Chemical laser systems are known to have the capability of generating high energy laser beams. One such system is the chemical oxygen iodine laser known as "COIL" which is particularly suitable for weapons systems because of its range and the ability to control the high intensity beam to a target responsive to mobile target surveillance techniques.
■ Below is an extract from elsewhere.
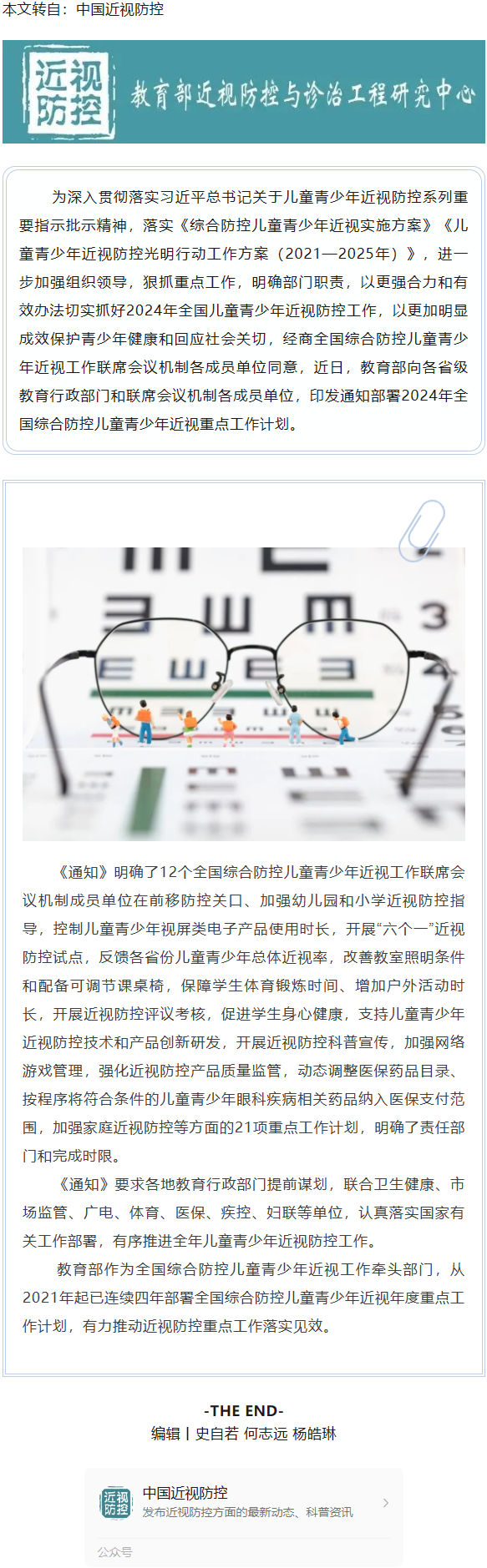教育部划重点了!今年近视防控要重点做好这些工作---2024.5.7 发布时间:2024-05-07 来源:中国近视防控 作者:中国近视防控

The operation of the COIL involves a basic hydrogen peroxide ("BHP") dispersed into a reactor as highly dispersed liquid droplets. Chlorine gas is then mixed with an inert carrier gas and reacted with the BHP to generate and the singlet-delta oxygen. The reaction product flows out of the singlet oxygen generator ("SOG") and passed into the laser gain generator. Singlet-delta oxygen is denoted by symbol O.sub.2.sup.*. In the gain generator the O.sub.2.sup.* reacts with iodine. The energy is extracted as coherent laser radiation in an optical cavity transverse to the flow of the reactants in the cavity. The chemistry of the COIL system is described in co-pending application Ser. No. 08/762,180, pending, filed in the name of Charles Clendenning, et al. and is assigned to the same assignee as the instant application. The architecture of a suitable apparatus to implement the chemical process for generating the high energy beam requires several different modular systems such as the SOG, thermal management system of the basic hydrogen peroxide solution, a fluid supply system, a pressure recovery system, and the gain generator system. The general architecture is described in the co-pending patent application filed of even date herewith under Ser. No. 08/762,180, pending, and is assigned to the same assignee as this application.
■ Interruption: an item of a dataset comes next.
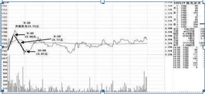 在这个时间段内,若多头为了能顺利地吸到货,开盘后常会迫不及待地抢进,而此时空头为了能顺利地完成派发,也故意拉高股价,就会造成开盘后的急速冲高,这是在大牛市中经常可以看到的现象:若多头为了吸到便宜货,在开盘时会将股价压低,而空头或散户被吓得胆战心惊,不顾一切地抛售完手中的股票,就会造成开盘后的股价急速下跌。

The invention in this application is directed to the control of fluid namely the O.sub.2.sup.* from the SOG to the laser gain generator in a non-rectilinear path which, unless modified, introduces variations in uniformity of the flow rate as the O.sub.2.sup.* courses over sharp bends in the feed line. Considering the size and complexity of the apparatus once the various modules are assembled together it becomes necessary to fold the system in order to install it in a suitable mobile carrier such as an airplane or large truck. In order to avoid stretching out the apparatus in a straight line (to avoid disturbances in the fluid flow) the SOG and the gain generator system arranged in a parallel juxtaposition to one another so that the out feed of the O.sub.2.sup.* and the in feed reside in different nonaligned planes that necessitate a sharp turn in order to feed the O.sub.2.sup.* from the SOG to the gain generator module.
A 90.degree. turn in the feed line results in varying the rate of flow of the reactive O.sub.2.sup.* across the cross-sectional area of the feed line. At the turn the O.sub.2.sup.* experiences an increase in pressure at the large radius turn portion of the feed line and a decrease at the small radius turn. This also results in flow separation along the wall. The thermodynamic reaction energy with the iodine is such that as the active iodine encounters different flow rates of oxygen at the center of the feed line compared to the inside boundaries of the feed line walls it results in density fluctuations in the reaction chamber. This can adversely affect the quality of the laser beam by diffusing or spreading the beam pattern.
Another problem that is encountered in the architecture of these systems is the valve control for opening the feed line to supply the O.sub.2.sup.* to the gain generator and to effectively shut down the system. The use of conventional valves such a gate valve, results in incrementally opening the cross section of the feed line that could also affect the quality of the beam in that the O.sub.2.sup.* is fed in at different rates during the time it takes to completely open the feed line.
Previously known architectures for generating high energy chemical laser beams usable to engage incoming hostile missiles have presented problems in terms of requiring serially stringing out the processing modules which hampers the transportability of the system for the reason that they require unusually large vehicles, either airborne or land based.
It is an object of the present invention to overcome one or more of the problems.